Goal of the exercise: Reproduce everything from the line that contains "Native OS recorder" down to the line that contains "この申し出により、相続開始年" in the listing below, word for word and nothing more. Leave the pictures out.

Input:
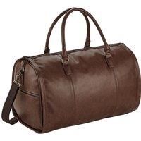 Lining: Pinstripe. Width: 56cm. Height: 28cm. Capacity: 30L. Depth: 29cm. Pockets: 1 External Zip Pocket. Compartments: 1 Main Compartment, Shoe Compartment. Adjustable Length, Tearaway Label. Design: Plain. Fastening: Zip. | Quadra Men's Nuhide Duffle Bag in Tan
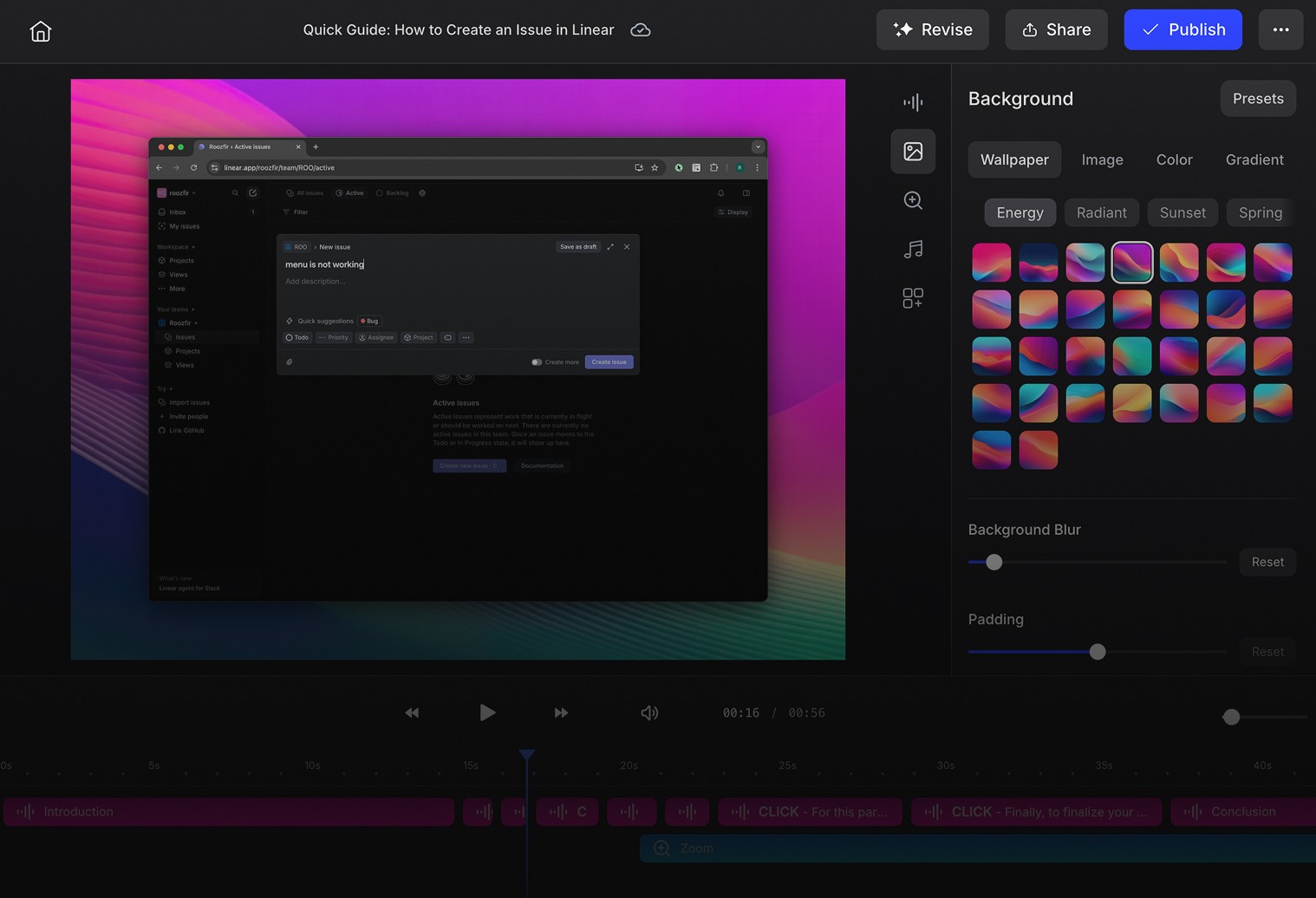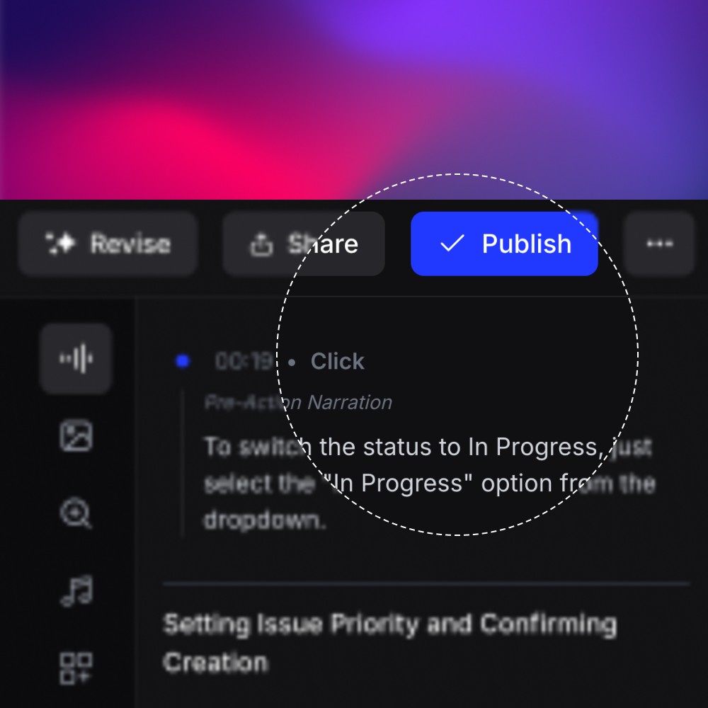 Native OS recorder for crisp video, live-updating embeds, and a finished result the moment you stop recording.
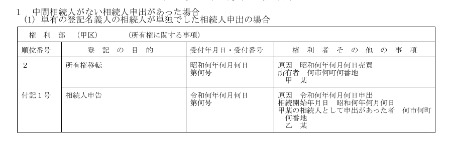 この申し出により、相続開始年月日、申出があった相続人住所・氏名が登記記録に付記されます。
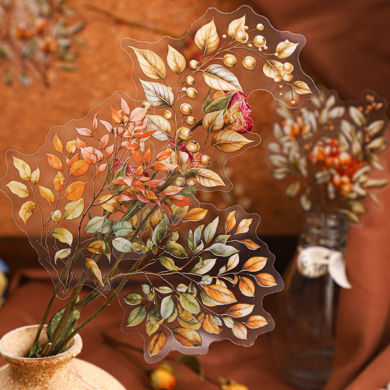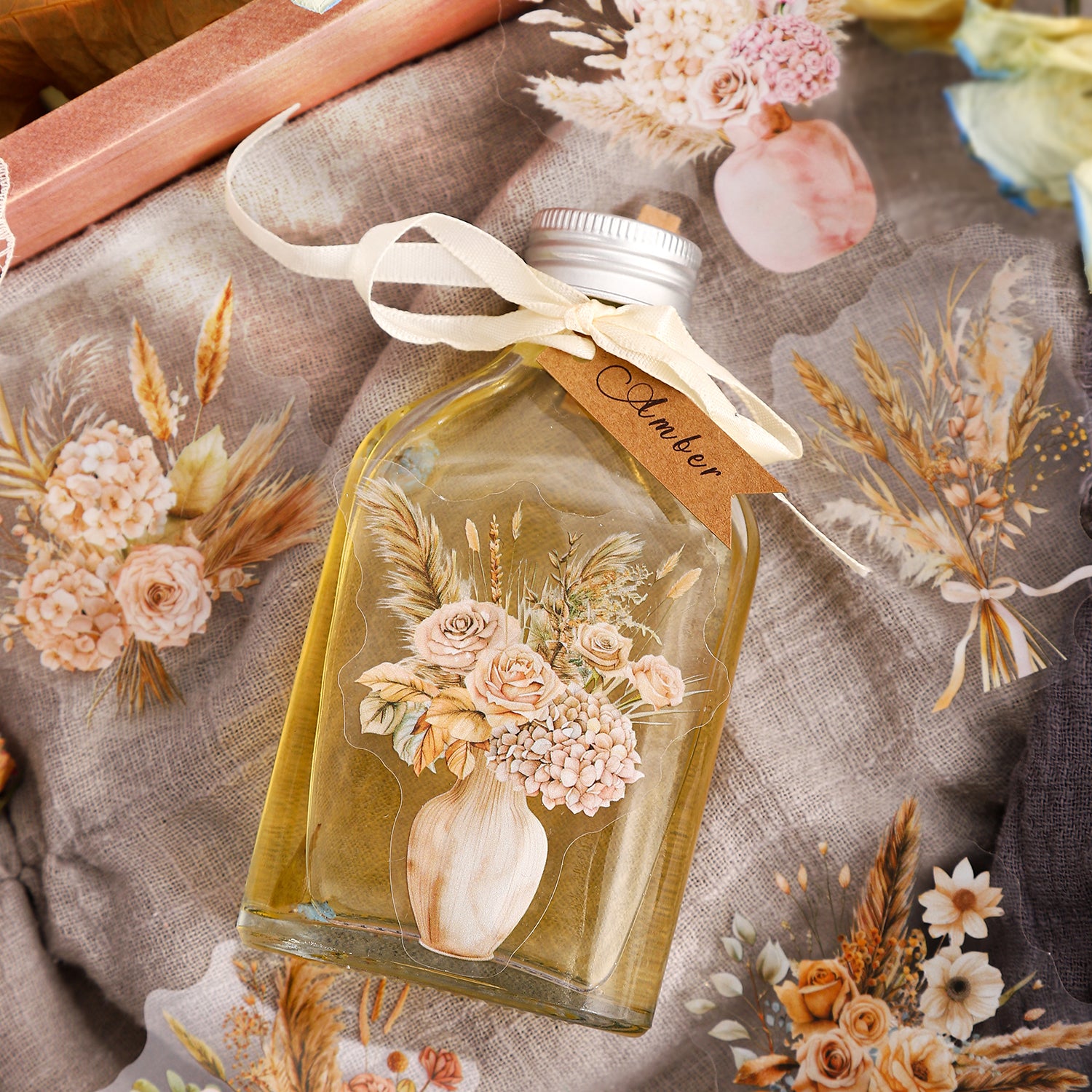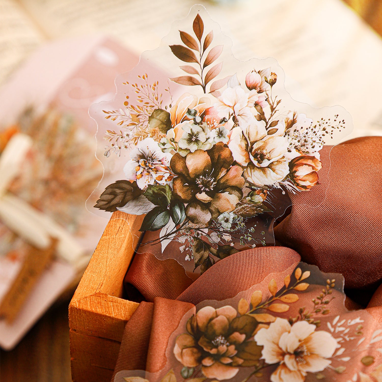 Each sticker features delicate amber-toned flowers with soft shadow details, creating a dreamy, vintage-inspired look that’s both timeless and oh-so-romantic. Whether you’re crafting a love letter, decorating a memory-filled scrapbook, or simply adding a floral flourish to your daily planner, these stickers are your go-to for a touch of natural beauty.
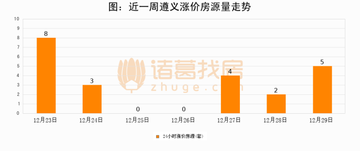 根据诸葛找房数据显示,遵义24小时涨价房源量为5套,较12月28日增加3套,环比上涨150%。与此同时,涨价房源占比小幅扩大,业主信心有所提升。
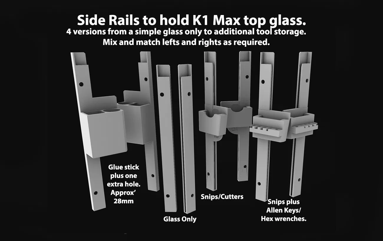 Bộ ray gắn nắp kính cho K1 Max giúp bạn cất giữ tấm kính gọn gàng bên hông máy khi không sử dụng. Thiết kế có kèm tùy chọn khay đựng kìm cắt, keo dán và lục giác rất tiện lợi, chắc chắn và dễ lắp đặt.
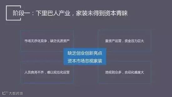 从资本市场看来,在那之前整个家装上市公司是微乎其微的,只有东易日盛,其他都没有上市,整个家装行业是不被资本待见的。市场无序化竞争,缺乏优质资产,潜规则众多,合规化难度大。

Result below:
 Native OS recorder for crisp video, live-updating embeds, and a finished result the moment you stop recording.
 この申し出により、相続開始年月日、申出があった相続人住所・氏名が登記記録に付記されます。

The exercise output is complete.